Андрей Иванович, физически не переносивший подобные детские выпады, вышел из купе и долго в него не возвращался, а когда вернулся, было уже тихо: нервно измотанные женщины безмолвно сидели вместе на нижней полке, а девочка, закрыв глаза, лежала на другой, противоположной.
Андрей Иванович забрался на своё место и улёгся, но спать ему не хотелось. Вместо сна перед глазами его стали образно вырисовываться картины прошлого. Особенно ярко вырисовывалось само детство, отчего он загрустил – выступали на глазах слёзы, стекая на подушку, и ему было стыдно, что плакал. Едва ли он мог вспомнить, когда ему плакалось в последний раз…
А завтра, рано утром, когда ещё будут спать женщины и девочка, он сойдёт с поезда в своём городе, в котором родился и вырос.
III
Итак, Андрею Ивановичу Карлину, как уже было сказано выше, на днях исполнилось пятьдесят лет, однако выглядел он моложе.
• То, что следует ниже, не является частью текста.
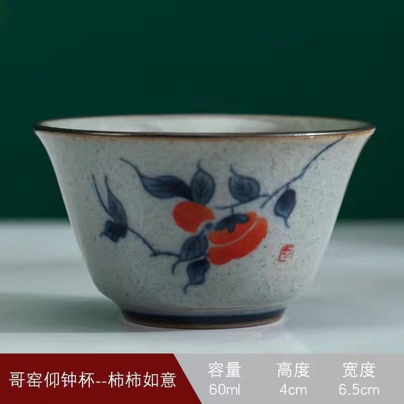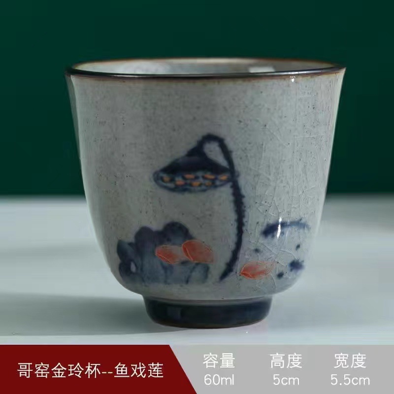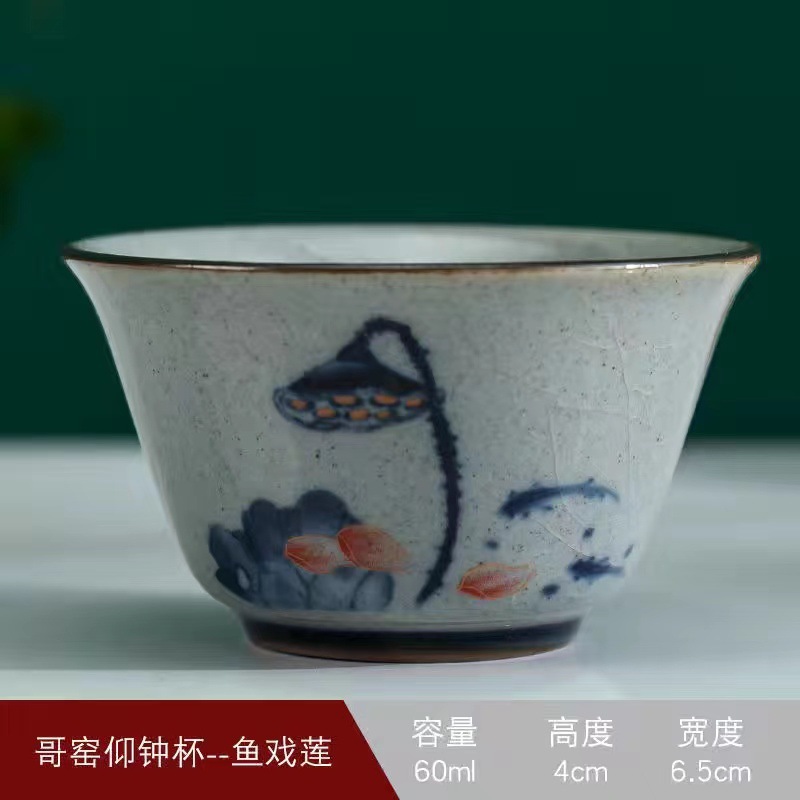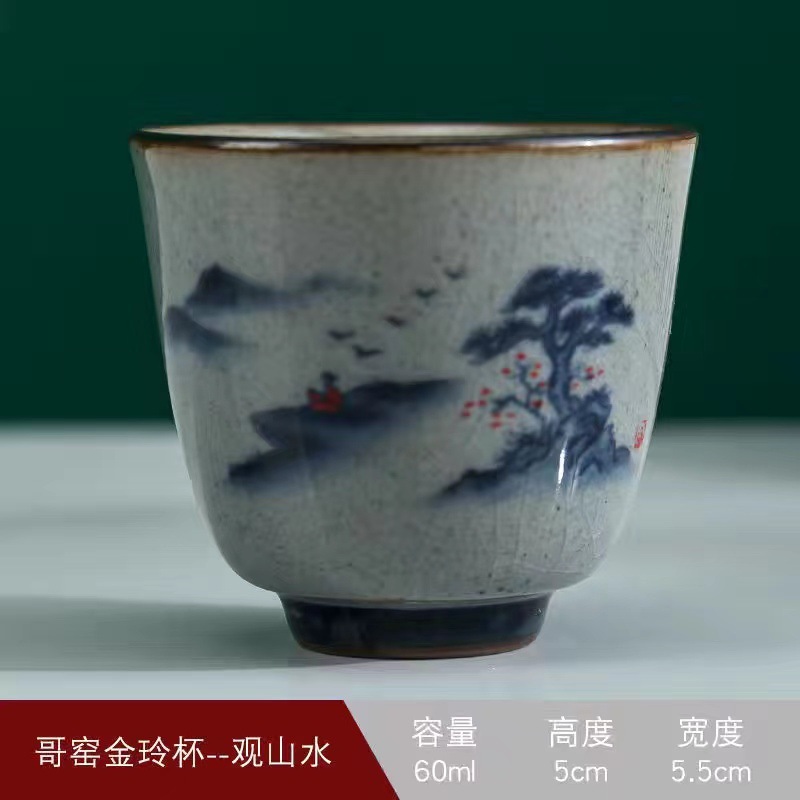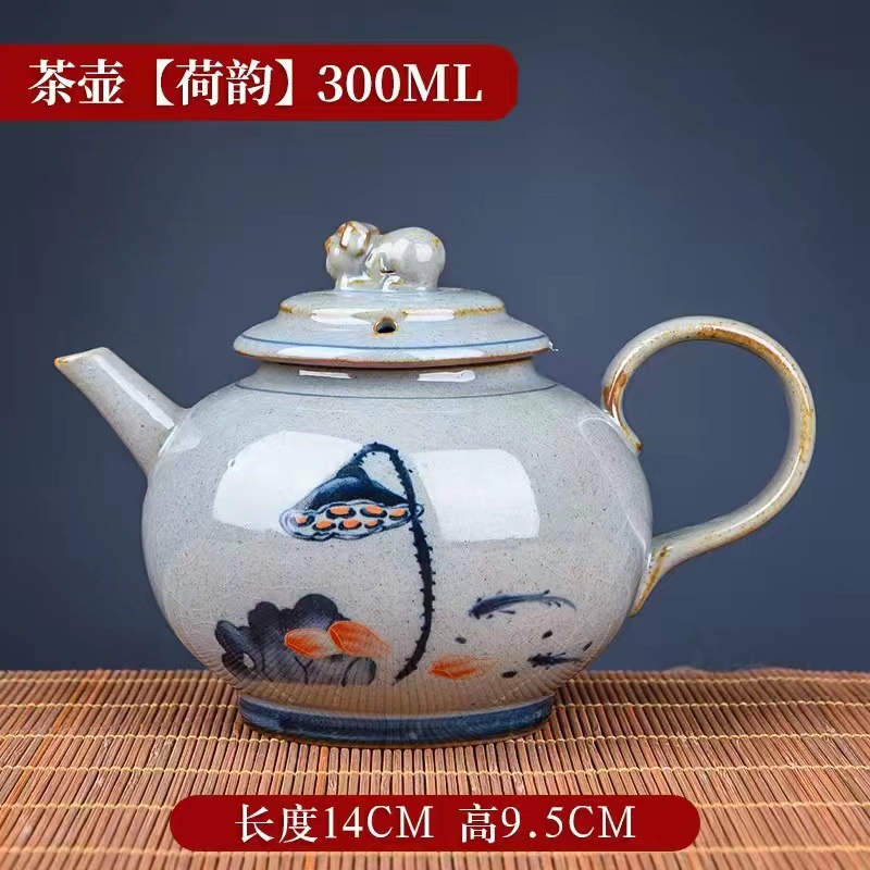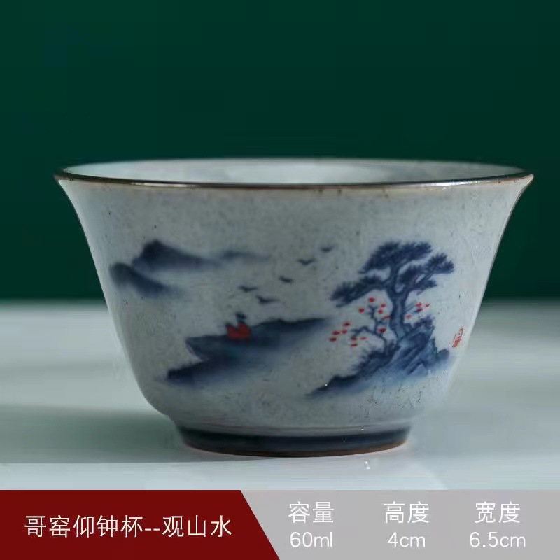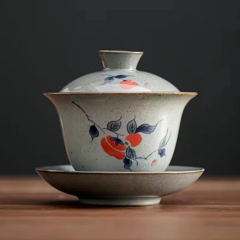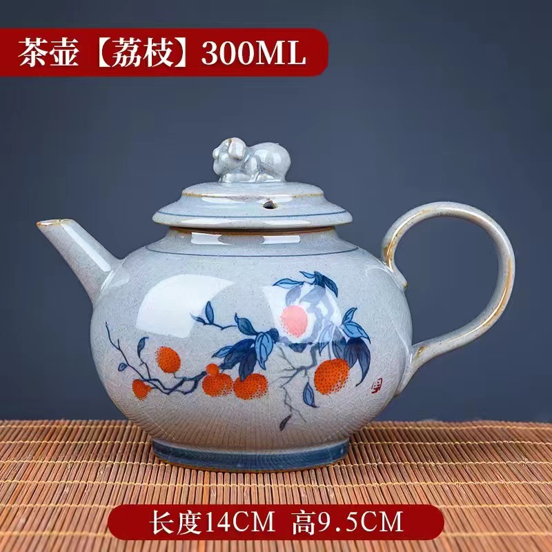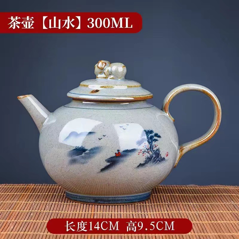 哥窑家用复古盖碗茶杯创意釉上彩青花三才带盖泡茶壶仿宋茶具

Ему светило повышение по службе, он мог бы занять освобождающийся кабинет начальника и тем самым дослужиться до полковника милиции, а он, к удивлению руководства и своих подчинённых, подал рапорт на увольнение. Его, разумеется, отпускать не хотели, но Андрей Иванович был настойчив и неумолим в своём решении. Уволился со службы в звании подполковника милиции, уволился совсем недавно, в апреле.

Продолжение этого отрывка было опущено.